EXERCISE MATERIAL:
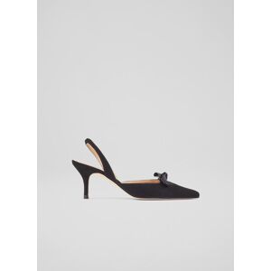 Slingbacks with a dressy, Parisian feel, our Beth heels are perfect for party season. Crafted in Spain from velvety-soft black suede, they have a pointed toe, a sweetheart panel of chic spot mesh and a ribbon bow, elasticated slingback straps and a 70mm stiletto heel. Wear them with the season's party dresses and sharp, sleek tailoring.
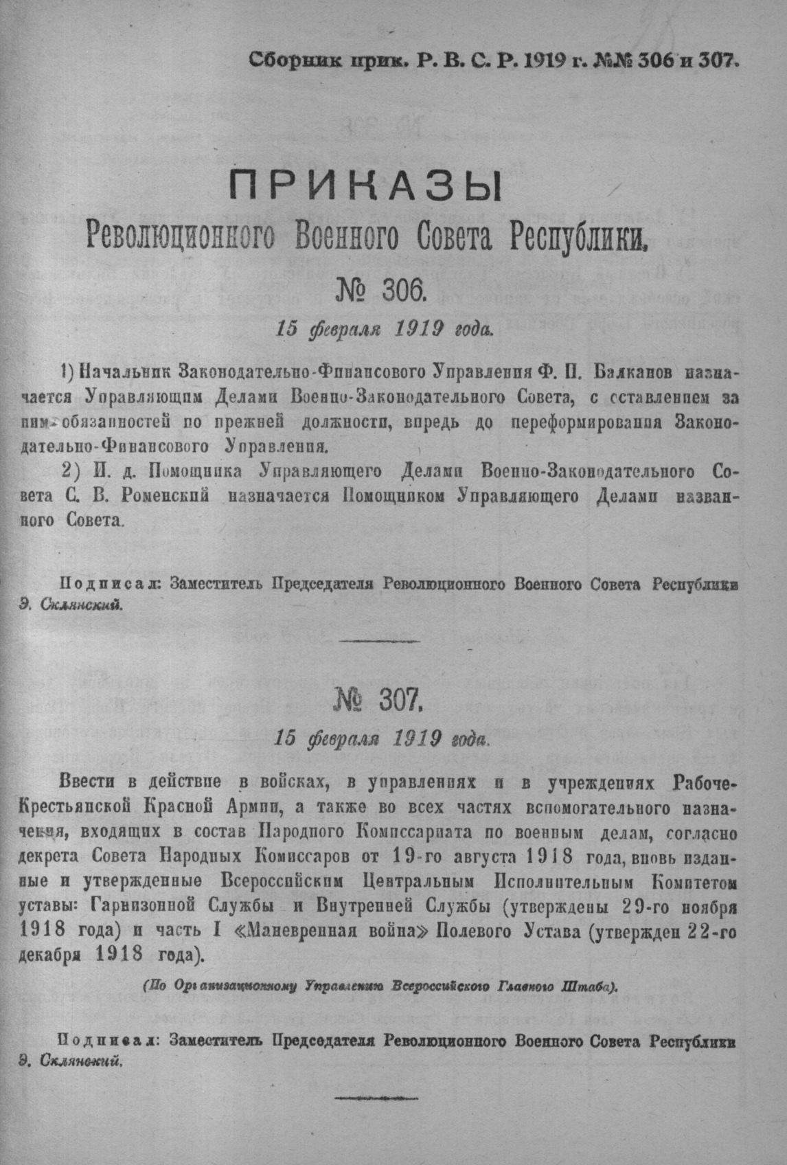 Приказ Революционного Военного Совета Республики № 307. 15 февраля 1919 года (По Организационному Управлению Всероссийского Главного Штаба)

...

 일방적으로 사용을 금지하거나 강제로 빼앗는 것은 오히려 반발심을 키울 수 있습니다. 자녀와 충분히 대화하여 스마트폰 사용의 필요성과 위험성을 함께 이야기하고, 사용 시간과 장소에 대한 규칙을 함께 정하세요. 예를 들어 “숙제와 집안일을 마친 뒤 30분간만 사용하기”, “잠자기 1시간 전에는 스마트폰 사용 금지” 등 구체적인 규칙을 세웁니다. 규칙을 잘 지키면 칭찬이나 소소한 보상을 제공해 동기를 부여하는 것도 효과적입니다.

REQUIRED ACTION: Return, exactly as they stand, the lines above from the one with "Slingbacks with a" to the one with "Приказ Революционного Военного", omitting any pictures among them.

OUTPUT OF THE TASK:
 Slingbacks with a dressy, Parisian feel, our Beth heels are perfect for party season. Crafted in Spain from velvety-soft black suede, they have a pointed toe, a sweetheart panel of chic spot mesh and a ribbon bow, elasticated slingback straps and a 70mm stiletto heel. Wear them with the season's party dresses and sharp, sleek tailoring.
 Приказ Революционного Военного Совета Республики № 307. 15 февраля 1919 года (По Организационному Управлению Всероссийского Главного Штаба)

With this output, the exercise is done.